● **PROVIDED RECORDS**:
__________________________________________________
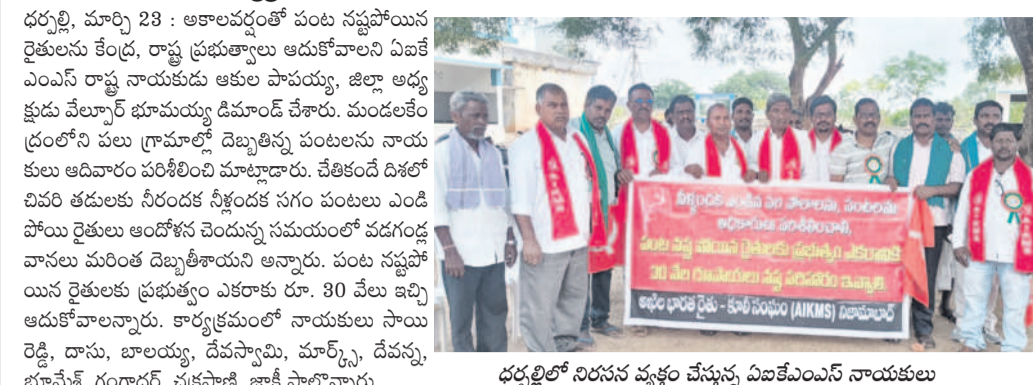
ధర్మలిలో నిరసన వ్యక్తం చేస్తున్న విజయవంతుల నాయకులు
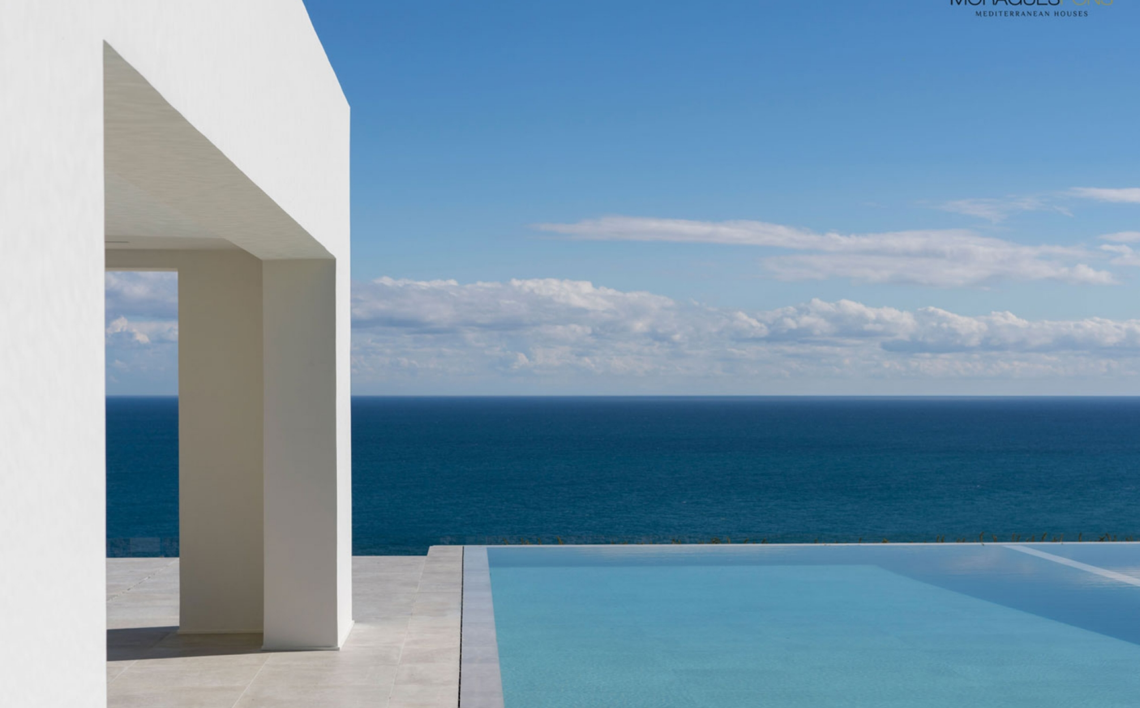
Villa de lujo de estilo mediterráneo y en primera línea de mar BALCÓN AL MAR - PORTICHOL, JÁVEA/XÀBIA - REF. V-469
__________________________________________________
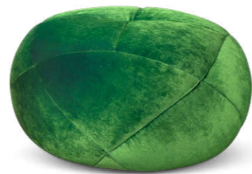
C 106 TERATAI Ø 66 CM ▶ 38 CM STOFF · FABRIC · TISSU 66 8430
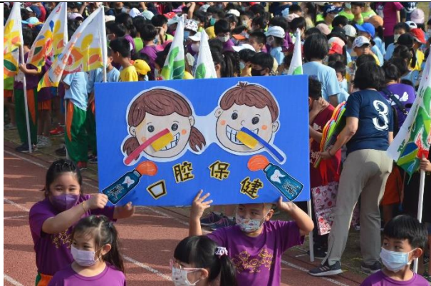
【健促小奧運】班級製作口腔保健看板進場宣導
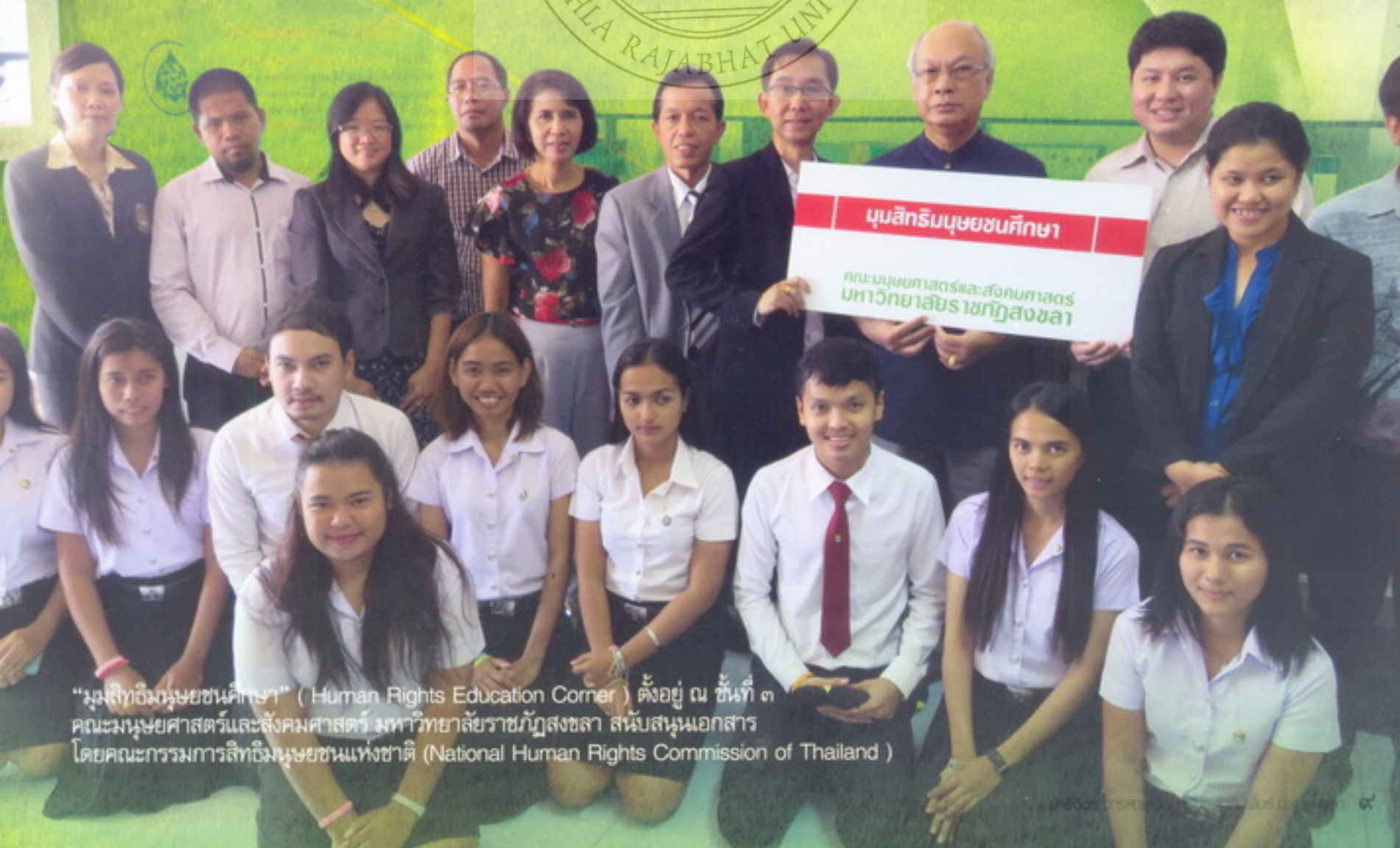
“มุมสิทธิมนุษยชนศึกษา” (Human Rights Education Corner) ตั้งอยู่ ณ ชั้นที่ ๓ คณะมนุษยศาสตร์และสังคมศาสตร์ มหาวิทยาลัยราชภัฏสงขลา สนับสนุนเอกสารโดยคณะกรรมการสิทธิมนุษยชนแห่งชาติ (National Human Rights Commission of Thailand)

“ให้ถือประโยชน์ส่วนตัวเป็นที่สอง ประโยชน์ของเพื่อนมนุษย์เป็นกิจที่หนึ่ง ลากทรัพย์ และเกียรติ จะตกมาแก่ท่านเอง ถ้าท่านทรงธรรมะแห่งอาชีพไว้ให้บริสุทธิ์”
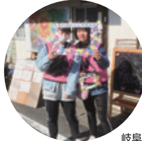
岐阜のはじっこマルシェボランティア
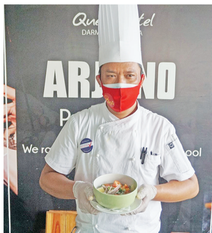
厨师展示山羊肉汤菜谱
__________________________________________________
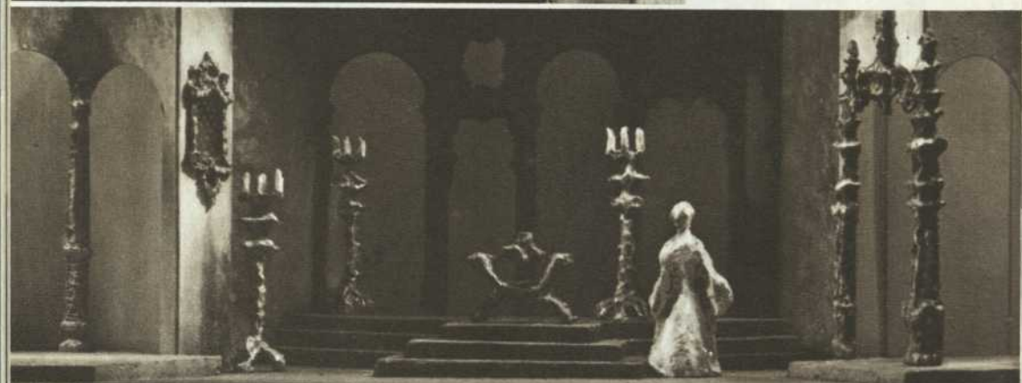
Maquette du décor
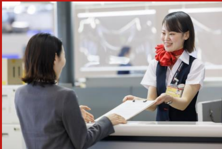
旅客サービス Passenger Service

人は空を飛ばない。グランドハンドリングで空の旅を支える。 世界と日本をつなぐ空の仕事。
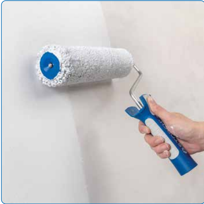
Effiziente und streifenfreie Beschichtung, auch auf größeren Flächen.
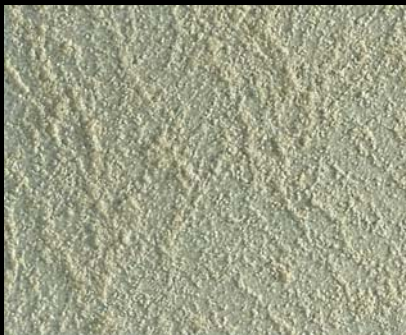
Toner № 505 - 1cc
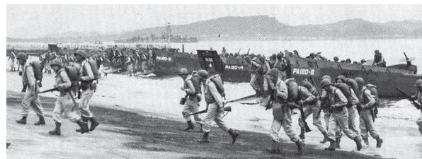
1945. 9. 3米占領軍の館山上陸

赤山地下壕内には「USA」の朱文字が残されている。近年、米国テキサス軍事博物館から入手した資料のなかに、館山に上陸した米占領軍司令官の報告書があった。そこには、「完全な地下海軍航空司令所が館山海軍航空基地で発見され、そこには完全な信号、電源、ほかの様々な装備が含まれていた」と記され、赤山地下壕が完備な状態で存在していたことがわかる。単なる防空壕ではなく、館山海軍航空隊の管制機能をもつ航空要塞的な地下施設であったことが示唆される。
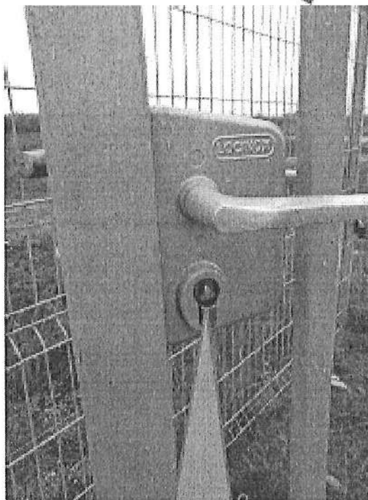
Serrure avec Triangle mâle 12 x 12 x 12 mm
__________________________________________________
● **TASK DETAILS**:
Of the lines above, copy only those from the one holding "Maquette du décor" to the one holding "赤山地下壕内には「USA」の", both included, and exclude every image.

● **ANSWER FOR THIS EXERCISE**:
Maquette du décor
旅客サービス Passenger Service

人は空を飛ばない。グランドハンドリングで空の旅を支える。 世界と日本をつなぐ空の仕事。
Effiziente und streifenfreie Beschichtung, auch auf größeren Flächen.
Toner № 505 - 1cc
1945. 9. 3米占領軍の館山上陸

赤山地下壕内には「USA」の朱文字が残されている。近年、米国テキサス軍事博物館から入手した資料のなかに、館山に上陸した米占領軍司令官の報告書があった。そこには、「完全な地下海軍航空司令所が館山海軍航空基地で発見され、そこには完全な信号、電源、ほかの様々な装備が含まれていた」と記され、赤山地下壕が完備な状態で存在していたことがわかる。単なる防空壕ではなく、館山海軍航空隊の管制機能をもつ航空要塞的な地下施設であったことが示唆される。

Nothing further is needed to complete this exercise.